Our Anywheres are drawn to Nairobi just as their British counterparts swarm into London, expecting that the capital is the only place where they can fulfill their potential. And from there so many Kenyan Anywheres find opportunities elsewhere in Africa and way beyond.

But Goodhart suggests that there can be virtue in staying put and remaining loyal to one’s community — as we are beginning to find with the newfound draw to the counties that has come with devolution.

Just as in the developed world, we have our rising middle class professionals who are at ease in the competitive global village, and we also have our “left-behinds” — those without the skills needed to make them employable and without the unusual character-traits of job-creators.

Goodhart praises Germany for having managed the Anywhere-Somewhere balance best, with its much greater focus on “the middling and the local” — not least through its apprenticeship system that continues to confer respect on even basic jobs.

In Britain by contrast the apprenticeship system never recovered from the de-industrialisation of the 1980s. They “went out of intellectual fashion”, writes Goodhart, perhaps wrongly considered too job-specific to be of use in this era of flexibility.

And like here (indeed perhaps acting as our inspiration) polytechnics were upgraded to universities, leaving an awful vacuum of institutions offering technical and vocational training.

Like here too, in Britain these skills and qualifications are looked down upon, making the low demand for them out of balance with the great shortage of those who possess them.

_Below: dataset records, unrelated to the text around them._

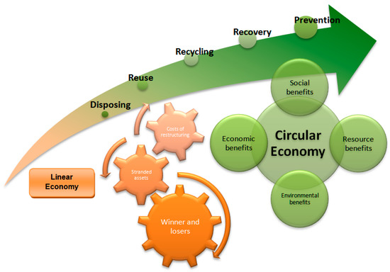 Waste management is currently carried out in the following order: production, presentation, collection, transport, and treatment. According to Argudo-García et al. [8], all waste should be reused, and for that, circular economy aims to minimize the elimination. Figure 1 shows the transition from a linear to a circular economy model.
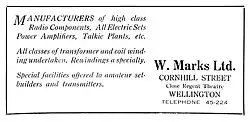 In 1929, Marks went into business for himself, opening a small shop in Cornhill St, Wellington, supplying basic radio parts and equipment, building amplifiers, rewinding transformers and other related activities.[3]
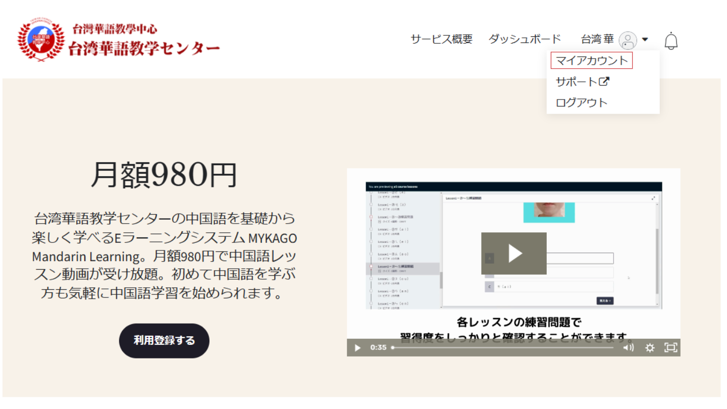 MYKAGO Mandarin Learningにログインし、トップページにあるプロフィール画像をクリックした後、【マイアカウント】をクリックしてください。
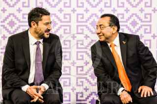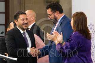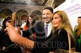 CIUDAD DE MÉXICO, 25JUNIO2024.- Martí Batres Guadarrama, Jefe de Gobierno, saluda a Ulises Lara, encargado de Despacho de la Fiscalía General de Justicia de la Ciudad de México, durante la presentación del informe mensual de la alerta por violencia de género, en el Antiguo Palacio del Ayuntamiento. FOTO: GOBIERNO DE LA CIUDAD/CUARTOSCURO.COM
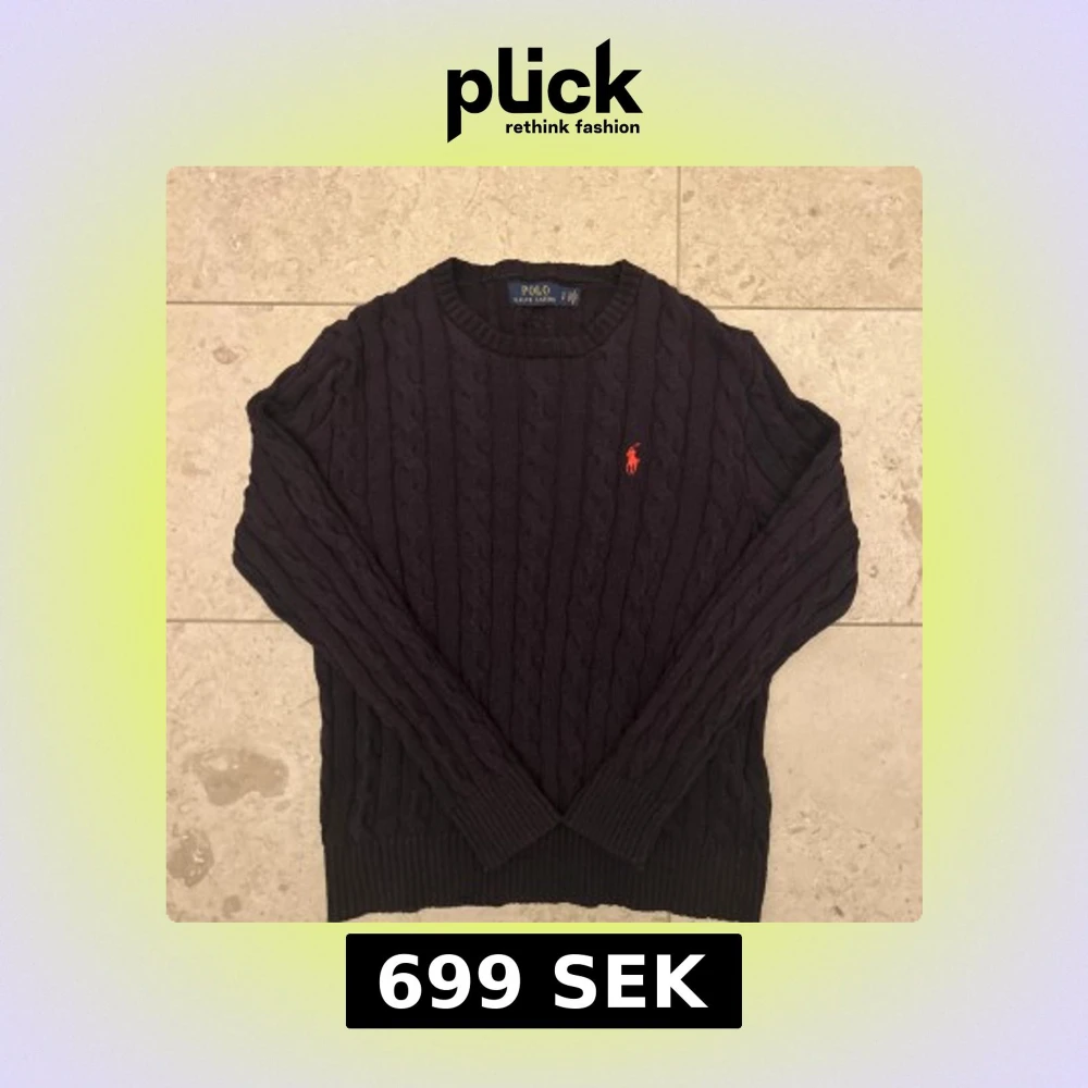Kabelstickad mörkblå tröja från Polo Ralph Lauren med klassisk rund hals och lång ärm. Tröjan har det ikoniska röda Polo-logot broderat på bröstet och ribbade muddar vid ärmslut och nederkant. Storlek Small. Väldigt bra skick nästan aldrig använd.

At least now, here as elsewhere, there is a realisation of this folly, and steps are being taken to fill the void.

Goodhart calls for leaders who not only understand the feelings and aspirations of both Somewheres and Anywheres but can find ways of bringing them closer together rather than merely appealing to one or the other for their support.

His appeal is aimed primarily at the British ones, but surely they apply equally to ours. As we launch on our journey through 2018 I close by wishing my readers a fruitful one, whether they be Somewheres or Anywheres or Inbetweeners.